Last Updated on July 15, 2026 10:45 pm by BIZNAMA NEWS
By S. N. VERMA / NEW DELHI
In a landmark move toward achieving Atmanirbhar Bharat (Self-Reliant India) in the agriculture sector, the Cabinet Committee on Economic Affairs (CCEA) has officially approved the National Urea Investment Policy-2026. Proposed by the Department of Fertilisers, the policy is designed to catalyze fresh private and public investment to establish new, state-of-the-art gas-based urea production units across the country.

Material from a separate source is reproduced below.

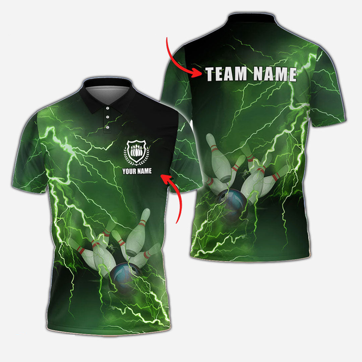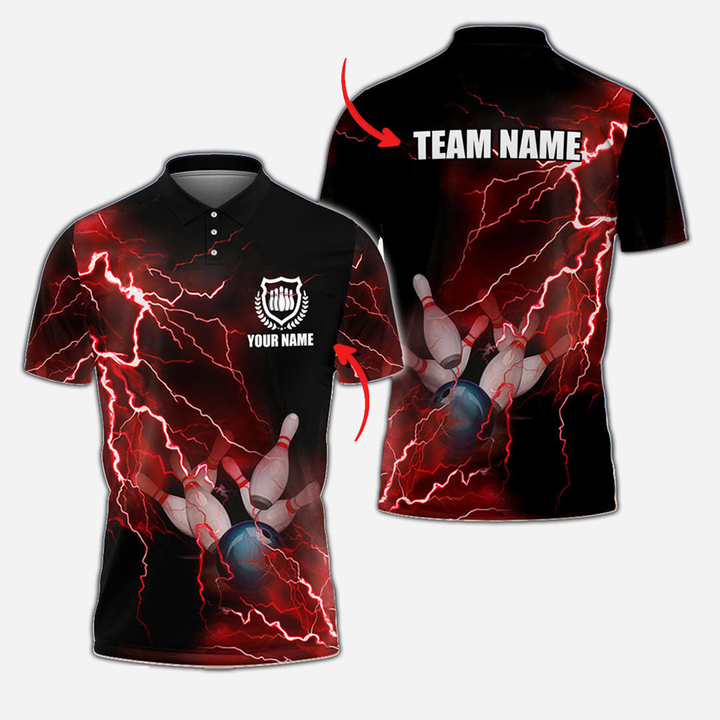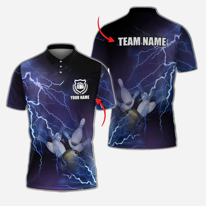 Bowling And Pins Lightning Personalized Men Women Polo Shirt Custom Bowling Team Jersey
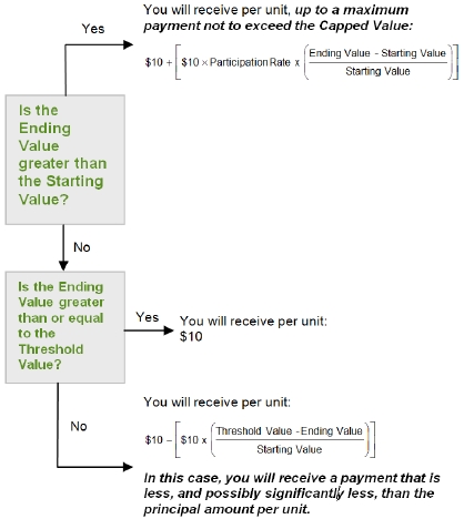 The notes provide you a leveraged return, subject to a cap, if the Ending Value of the Market Measure, which is the Russell 2000® Index (the “Index”), is greater than the Starting Value. If the Ending Value is equal to or less than the Starting Value but greater than or equal to the Threshold Value, you will receive the principal amount of your notes. If the Ending Value is less than the Threshold Value, you will lose a portion, which could be significant, of the principal amount of your notes. Any payments on the notes will be calculated based on the $10 principal amount per unit and will depend on the performance of the Index, subject to our credit risk. See “Terms of the Notes” below.

Bridging the Demand-Supply Gap
India currently hosts 33 operational urea units with a total production capacity of 269.42 lakh metric tonnes. Despite these robust figures, a persistent structural gap exists between domestic demand and indigenous supply, forcing the nation to rely on imports.
The 2026 policy replaces the long-expired 2012 investment framework, which had successfully facilitated the establishment of six new urea units—four via public sector joint ventures and two by private players. With the Department of Fertilisers already reporting a healthy pipeline of proposals for new plants, the government expects the new policy to provide the regulatory impetus required to rapidly scale domestic manufacturing and curb import dependency.

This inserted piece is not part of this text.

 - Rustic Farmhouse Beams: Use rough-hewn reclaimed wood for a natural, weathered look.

Key Reforms: A More Sustainable Framework
The 2026 policy introduces several strategic improvements over the 2012 model, focusing on investor confidence, transparency, and fiscal prudence:
- Assured Returns: To attract long-term capital, the policy guarantees a Return on Equity (RoE) ranging from a minimum of 12% to a maximum of 16%.
- Operational Transparency: The framework mandates a clear differentiation between fixed and variable costs, providing investors with greater clarity and predictability in their business models.
- Currency Risk Hedging: In a major relief for investors concerned about volatility, the policy includes a mechanism to convert fixed costs into Indian Rupees based on prevailing exchange rates after a four-year period, effectively insulating long-term investments from foreign exchange fluctuations.
Fiscal Impact and Long-term Vision
The government expects these strategic reforms to deliver significant cost efficiencies. According to initial estimates, each new plant established under the 2026 policy will result in a saving of over ₹250 crore compared to the legacy framework.
By institutionalizing these rules for all future urea manufacturing, the Ministry aims to accelerate the transition toward total self-sufficiency. As these new plants come online, they are expected not only to secure the nation’s fertilizer supply chain but also to provide Indian farmers with more reliable access to essential agricultural inputs, ultimately strengthening the country’s long-term food security and economic diplomacy.